- SOURCE DATA -
════════
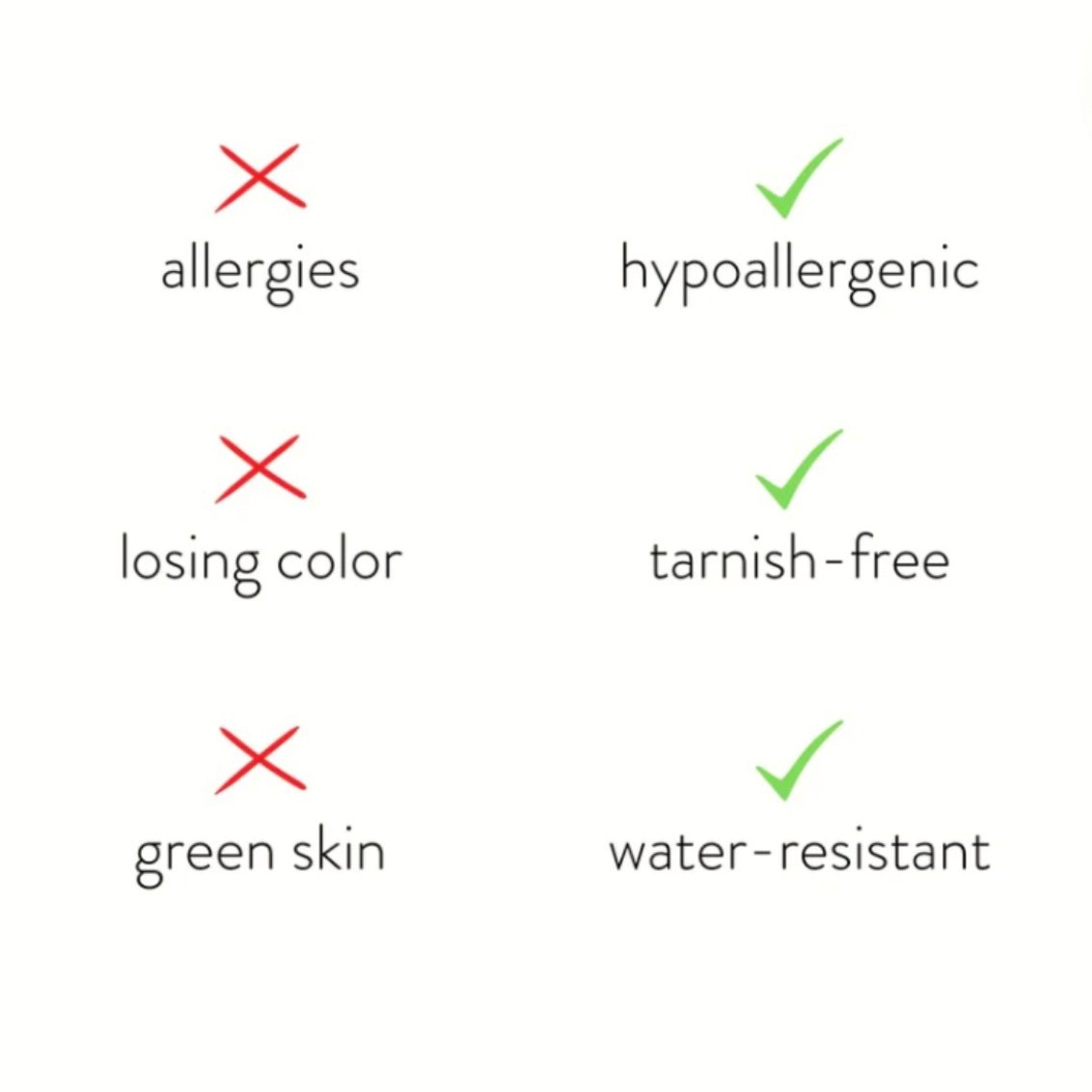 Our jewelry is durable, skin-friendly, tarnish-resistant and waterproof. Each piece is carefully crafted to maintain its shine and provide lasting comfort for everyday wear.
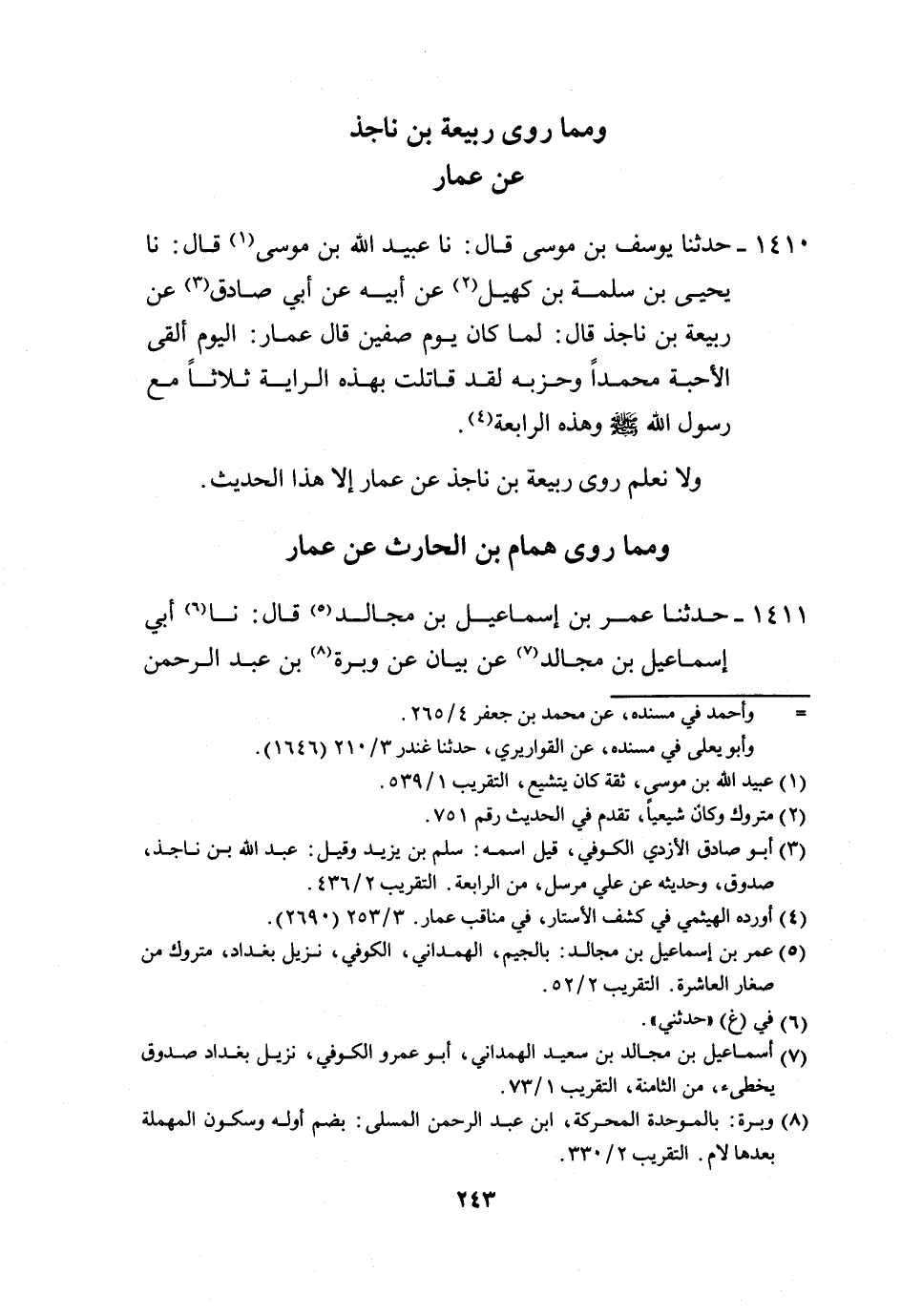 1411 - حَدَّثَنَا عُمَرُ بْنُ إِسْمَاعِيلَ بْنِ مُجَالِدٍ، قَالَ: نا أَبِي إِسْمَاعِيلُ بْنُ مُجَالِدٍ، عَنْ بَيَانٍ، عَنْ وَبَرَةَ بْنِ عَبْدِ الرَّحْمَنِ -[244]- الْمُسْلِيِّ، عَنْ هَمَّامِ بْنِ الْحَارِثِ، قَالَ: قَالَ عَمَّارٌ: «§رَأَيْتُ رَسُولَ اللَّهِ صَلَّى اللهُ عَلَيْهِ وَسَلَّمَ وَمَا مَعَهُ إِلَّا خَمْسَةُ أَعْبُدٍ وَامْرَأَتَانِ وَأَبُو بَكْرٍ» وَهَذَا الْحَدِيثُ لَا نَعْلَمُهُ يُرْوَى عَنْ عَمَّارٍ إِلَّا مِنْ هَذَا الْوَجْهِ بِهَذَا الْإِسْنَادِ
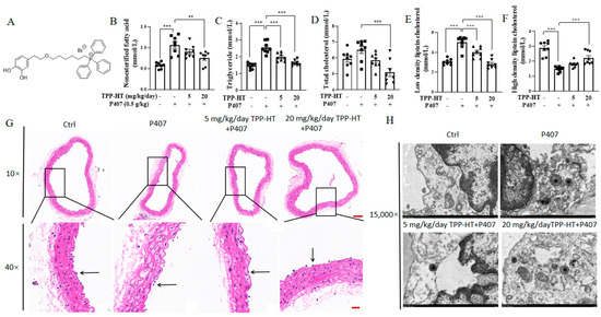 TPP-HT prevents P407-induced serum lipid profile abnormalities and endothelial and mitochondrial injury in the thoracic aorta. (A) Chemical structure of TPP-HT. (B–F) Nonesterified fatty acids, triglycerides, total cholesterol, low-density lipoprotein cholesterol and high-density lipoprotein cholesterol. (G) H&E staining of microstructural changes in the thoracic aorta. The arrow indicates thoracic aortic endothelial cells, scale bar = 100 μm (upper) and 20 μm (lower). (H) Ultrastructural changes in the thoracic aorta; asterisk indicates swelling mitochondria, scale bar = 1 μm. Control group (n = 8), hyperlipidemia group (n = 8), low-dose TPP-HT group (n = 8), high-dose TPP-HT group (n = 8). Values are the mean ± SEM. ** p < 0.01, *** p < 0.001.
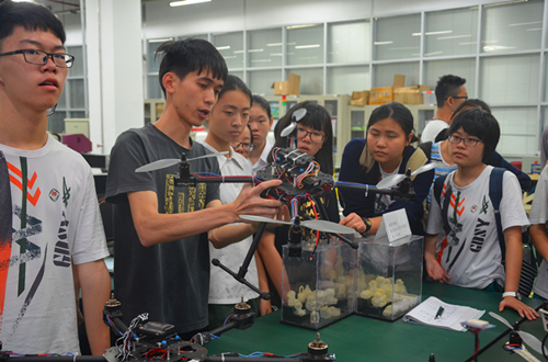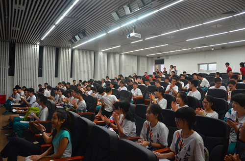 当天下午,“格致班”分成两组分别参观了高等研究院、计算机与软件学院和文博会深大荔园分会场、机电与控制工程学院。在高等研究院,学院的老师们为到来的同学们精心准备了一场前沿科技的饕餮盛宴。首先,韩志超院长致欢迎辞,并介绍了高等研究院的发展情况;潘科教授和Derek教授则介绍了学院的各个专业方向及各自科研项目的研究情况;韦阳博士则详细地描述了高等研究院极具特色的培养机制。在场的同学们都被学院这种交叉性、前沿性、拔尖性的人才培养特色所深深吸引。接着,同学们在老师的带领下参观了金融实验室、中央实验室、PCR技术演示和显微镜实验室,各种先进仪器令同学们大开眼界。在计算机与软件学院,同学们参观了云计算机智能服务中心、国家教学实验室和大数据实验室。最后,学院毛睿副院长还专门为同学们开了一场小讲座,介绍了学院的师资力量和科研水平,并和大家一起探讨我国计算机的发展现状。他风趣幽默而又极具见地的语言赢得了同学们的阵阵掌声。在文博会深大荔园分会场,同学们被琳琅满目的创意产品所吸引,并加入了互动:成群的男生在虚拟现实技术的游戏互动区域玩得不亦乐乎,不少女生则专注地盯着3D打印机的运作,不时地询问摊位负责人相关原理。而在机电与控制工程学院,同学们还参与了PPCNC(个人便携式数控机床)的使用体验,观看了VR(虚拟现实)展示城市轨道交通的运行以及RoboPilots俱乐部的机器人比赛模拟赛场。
════════
- WHAT TO WORK ON -
Please repeat every line of the material above exactly and without its pictures.

- SOLUTION FOR THIS TASK -
 Our jewelry is durable, skin-friendly, tarnish-resistant and waterproof. Each piece is carefully crafted to maintain its shine and provide lasting comfort for everyday wear.
 1411 - حَدَّثَنَا عُمَرُ بْنُ إِسْمَاعِيلَ بْنِ مُجَالِدٍ، قَالَ: نا أَبِي إِسْمَاعِيلُ بْنُ مُجَالِدٍ، عَنْ بَيَانٍ، عَنْ وَبَرَةَ بْنِ عَبْدِ الرَّحْمَنِ -[244]- الْمُسْلِيِّ، عَنْ هَمَّامِ بْنِ الْحَارِثِ، قَالَ: قَالَ عَمَّارٌ: «§رَأَيْتُ رَسُولَ اللَّهِ صَلَّى اللهُ عَلَيْهِ وَسَلَّمَ وَمَا مَعَهُ إِلَّا خَمْسَةُ أَعْبُدٍ وَامْرَأَتَانِ وَأَبُو بَكْرٍ» وَهَذَا الْحَدِيثُ لَا نَعْلَمُهُ يُرْوَى عَنْ عَمَّارٍ إِلَّا مِنْ هَذَا الْوَجْهِ بِهَذَا الْإِسْنَادِ
 TPP-HT prevents P407-induced serum lipid profile abnormalities and endothelial and mitochondrial injury in the thoracic aorta. (A) Chemical structure of TPP-HT. (B–F) Nonesterified fatty acids, triglycerides, total cholesterol, low-density lipoprotein cholesterol and high-density lipoprotein cholesterol. (G) H&E staining of microstructural changes in the thoracic aorta. The arrow indicates thoracic aortic endothelial cells, scale bar = 100 μm (upper) and 20 μm (lower). (H) Ultrastructural changes in the thoracic aorta; asterisk indicates swelling mitochondria, scale bar = 1 μm. Control group (n = 8), hyperlipidemia group (n = 8), low-dose TPP-HT group (n = 8), high-dose TPP-HT group (n = 8). Values are the mean ± SEM. ** p < 0.01, *** p < 0.001.
 当天下午,“格致班”分成两组分别参观了高等研究院、计算机与软件学院和文博会深大荔园分会场、机电与控制工程学院。在高等研究院,学院的老师们为到来的同学们精心准备了一场前沿科技的饕餮盛宴。首先,韩志超院长致欢迎辞,并介绍了高等研究院的发展情况;潘科教授和Derek教授则介绍了学院的各个专业方向及各自科研项目的研究情况;韦阳博士则详细地描述了高等研究院极具特色的培养机制。在场的同学们都被学院这种交叉性、前沿性、拔尖性的人才培养特色所深深吸引。接着,同学们在老师的带领下参观了金融实验室、中央实验室、PCR技术演示和显微镜实验室,各种先进仪器令同学们大开眼界。在计算机与软件学院,同学们参观了云计算机智能服务中心、国家教学实验室和大数据实验室。最后,学院毛睿副院长还专门为同学们开了一场小讲座,介绍了学院的师资力量和科研水平,并和大家一起探讨我国计算机的发展现状。他风趣幽默而又极具见地的语言赢得了同学们的阵阵掌声。在文博会深大荔园分会场,同学们被琳琅满目的创意产品所吸引,并加入了互动:成群的男生在虚拟现实技术的游戏互动区域玩得不亦乐乎,不少女生则专注地盯着3D打印机的运作,不时地询问摊位负责人相关原理。而在机电与控制工程学院,同学们还参与了PPCNC(个人便携式数控机床)的使用体验,观看了VR(虚拟现实)展示城市轨道交通的运行以及RoboPilots俱乐部的机器人比赛模拟赛场。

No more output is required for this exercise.